In the data below, the copy begins at the line containing "会社の宴会・同窓会に嬉しい最" and runs through the last line; repeat those lines exactly, minus the pictures.

**DATASET CONTENT:**

--------------------------------------------------

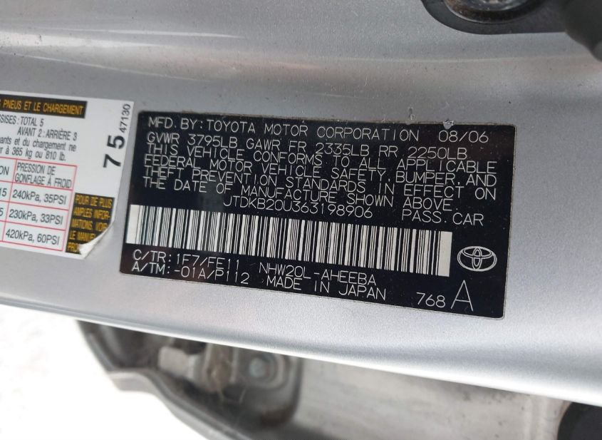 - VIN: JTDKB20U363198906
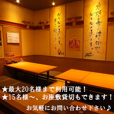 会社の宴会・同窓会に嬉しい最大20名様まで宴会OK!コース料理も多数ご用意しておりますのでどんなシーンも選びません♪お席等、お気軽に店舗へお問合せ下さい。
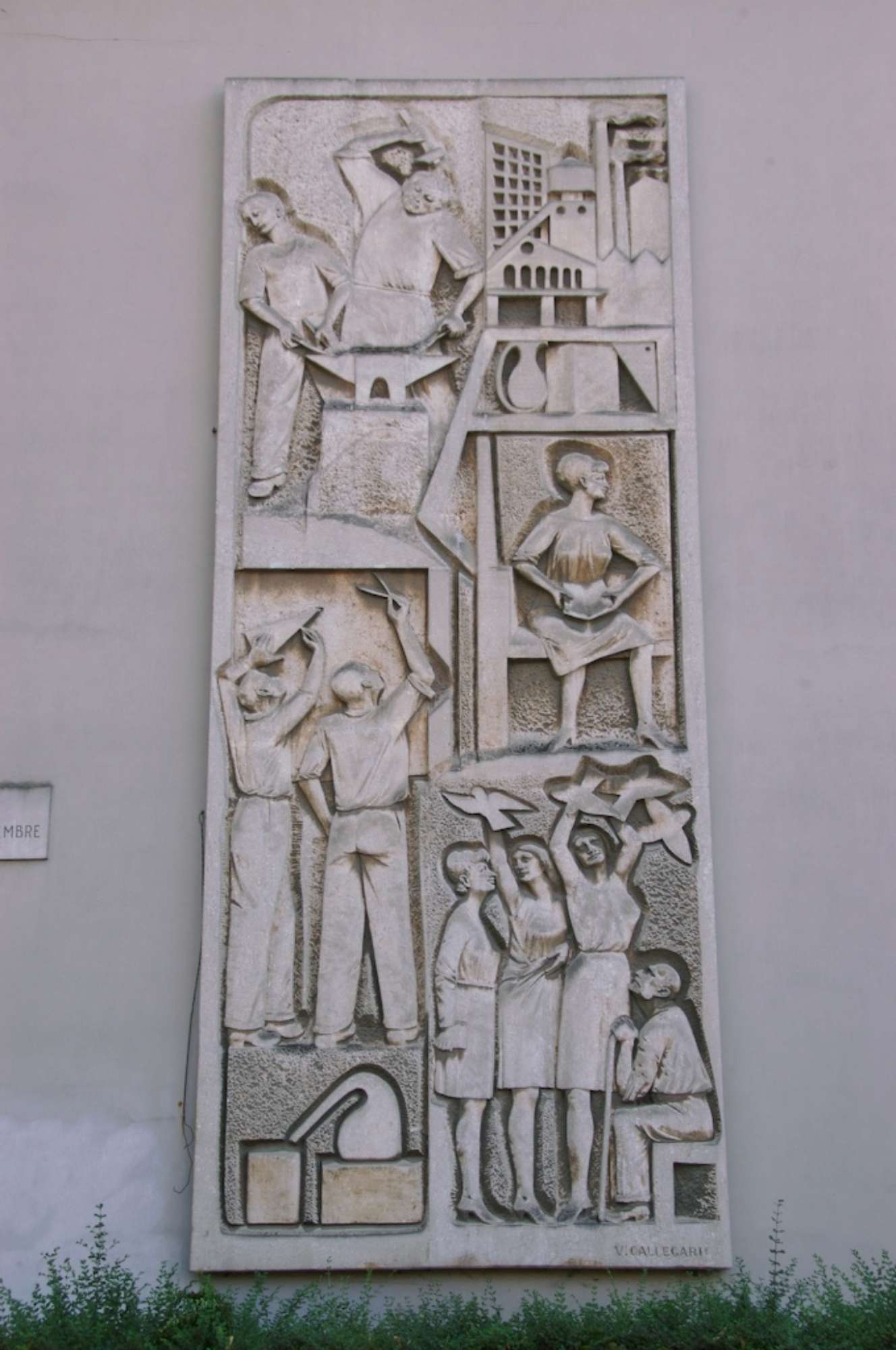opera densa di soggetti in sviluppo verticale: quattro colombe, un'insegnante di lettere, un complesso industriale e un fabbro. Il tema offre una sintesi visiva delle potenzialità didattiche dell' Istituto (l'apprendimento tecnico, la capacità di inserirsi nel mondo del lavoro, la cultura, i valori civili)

--------------------------------------------------

**TASK RESPONSE:**
 会社の宴会・同窓会に嬉しい最大20名様まで宴会OK!コース料理も多数ご用意しておりますのでどんなシーンも選びません♪お席等、お気軽に店舗へお問合せ下さい。
opera densa di soggetti in sviluppo verticale: quattro colombe, un'insegnante di lettere, un complesso industriale e un fabbro. Il tema offre una sintesi visiva delle potenzialità didattiche dell' Istituto (l'apprendimento tecnico, la capacità di inserirsi nel mondo del lavoro, la cultura, i valori civili)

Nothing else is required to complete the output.